Aim of the exercise:
Transcribe the lines exactly, beginning with the one that contains "Купить Обувница в" and ending with the final line of the records. Do not transcribe pictures.

------

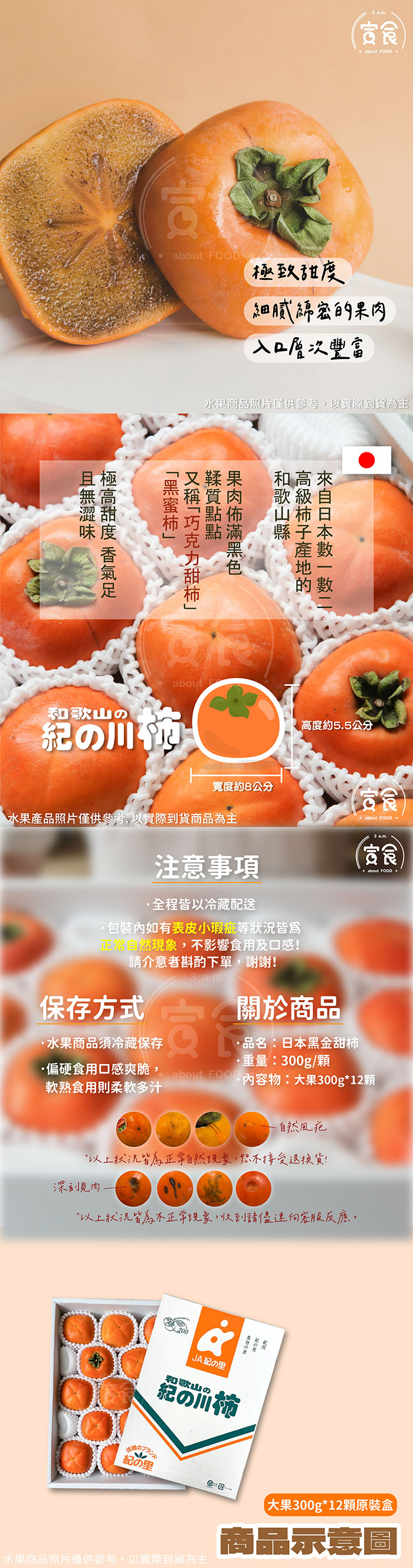 【寅食3 a.m.】日本和歌山黑糖柿子大果300g*12顆原裝盒
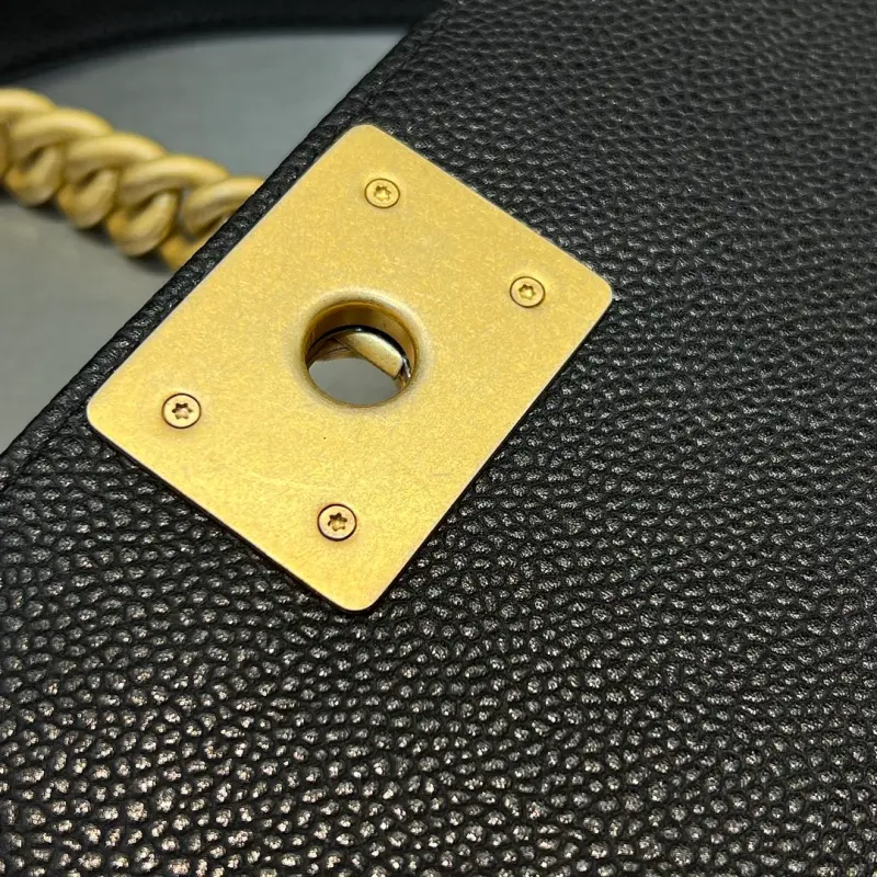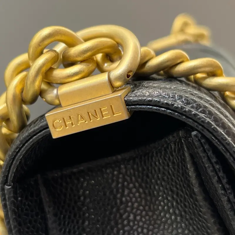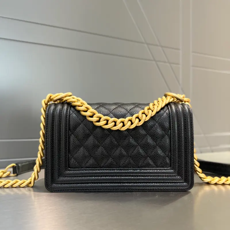 Leboy-Small 20cm-Classic Caviar Leather-Black Nostalgic Gold Buckle
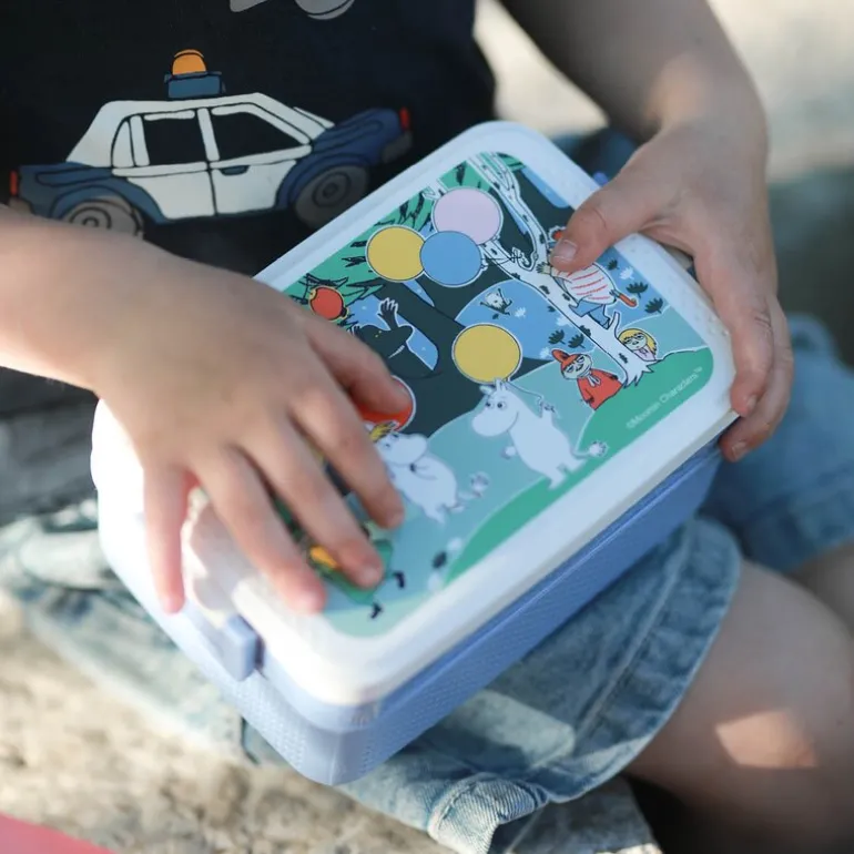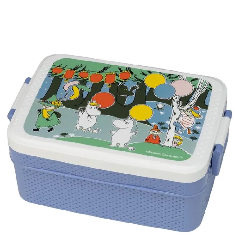 Denne lekne Mummi matboksen Festligheter blå fra Rätt Start kombinerer et sjarmerende design med praktiske løsninger. Med målene 18,5 x 12 cm har den en avtagbar skillevegg som deler boksen i to rom, slik at ulike matvarer holdes adskilt.
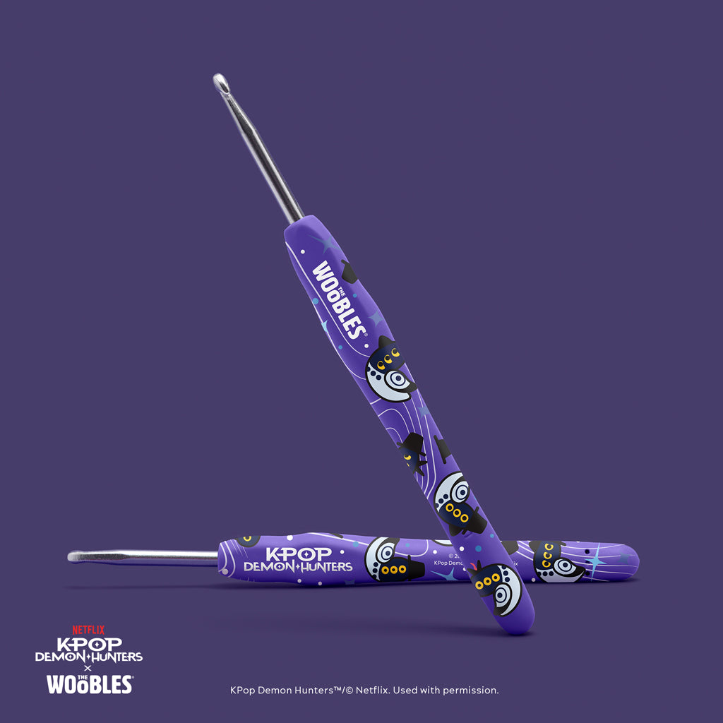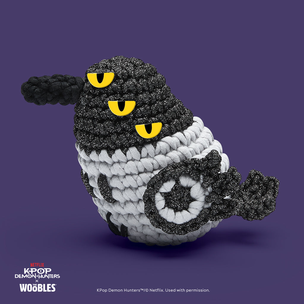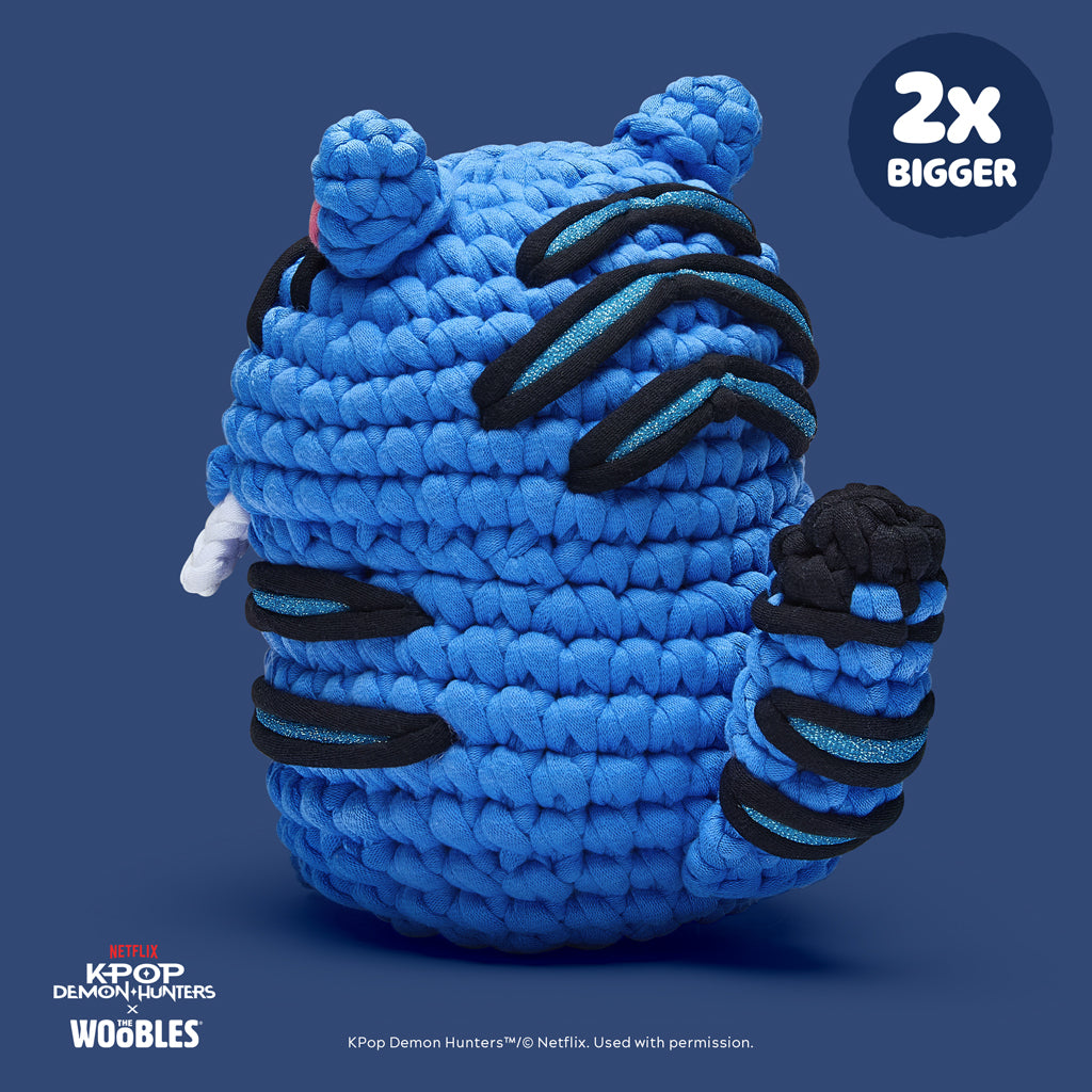 With those fabulous feathers and six skeptical eyes, Sussie the Magpie literally brings the glitter. Luckily, you’ll have no problem Suss-ing it all out with the help of our Easy Peasy Yarn™, hat-tractive custom hook, and step-by-step videos. And of course since Derpy Tiger is so much bigger, using our larger-than-life Easy Peasy Extra Squeezy™ Yarn is a total no-brainer. Its lovably large size—and equally oversized hook—is perfect for wooblin’ all those Derpy details sans snarls or snags. So whether you’re stanning Saja Boys or HUNTR/X, let’s wooble our way to #1 bringing these KPop Demon Hunters Magical Messengers to life!
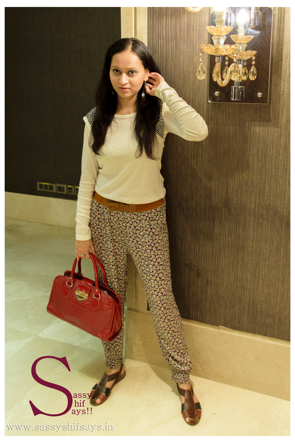What comfier way than to opt for the best pick this summer – HAREM pants. Recently, we’ve seen a lot of trending print play and different fabrics and textures like leather, chiffon and cotton. In terms of print and color, ditch the colour black and try something new and vibrant. Working with a cool pair of cottony, loose & floral printed harem with a solid brown base colour, I’ve quickly put together a look for you guys. I have opted for a semi-waisted pair and teamed it up with an off-white full sleeved top (which is again comfy as hell), tucked in just for the lady like finesse. I love the addition of MJ style studs on the shoulders!!
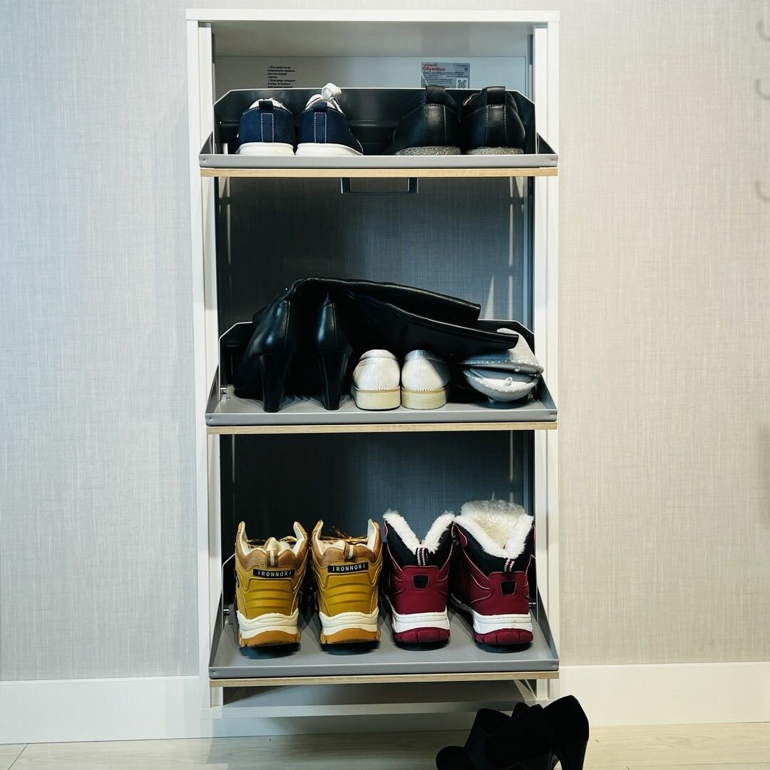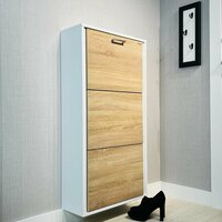Купить Обувница в прихожую IRONNORI Лайт 3 секции, Белый/Дуб Сонома, профиль белый, 104х54.5х20 см с доставкой по всей России.
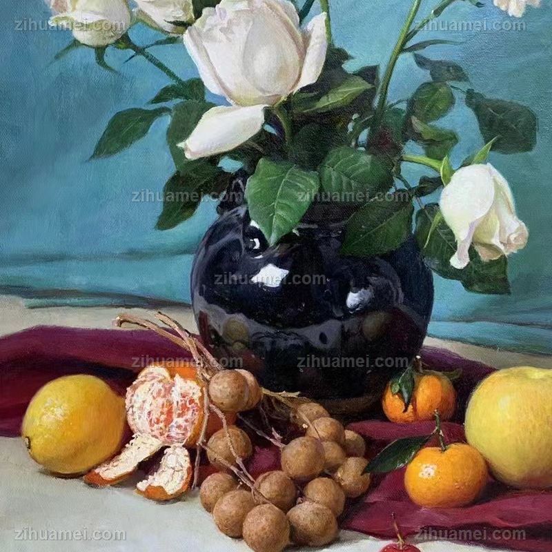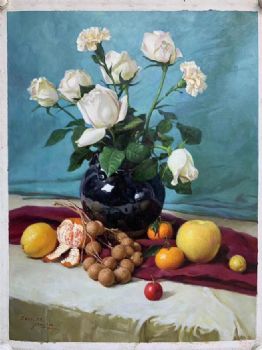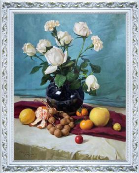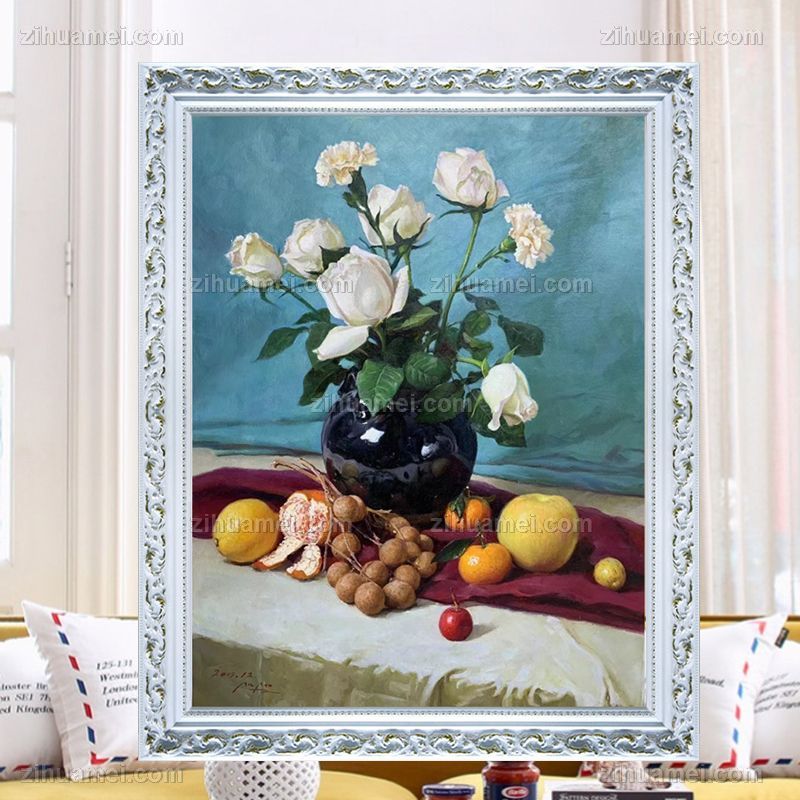 • 手绘朝鲜油画白玫瑰花瓶水果静物油画餐厅挂画实木画框

------

Task response:
Купить Обувница в прихожую IRONNORI Лайт 3 секции, Белый/Дуб Сонома, профиль белый, 104х54.5х20 см с доставкой по всей России.
 • 手绘朝鲜油画白玫瑰花瓶水果静物油画餐厅挂画实木画框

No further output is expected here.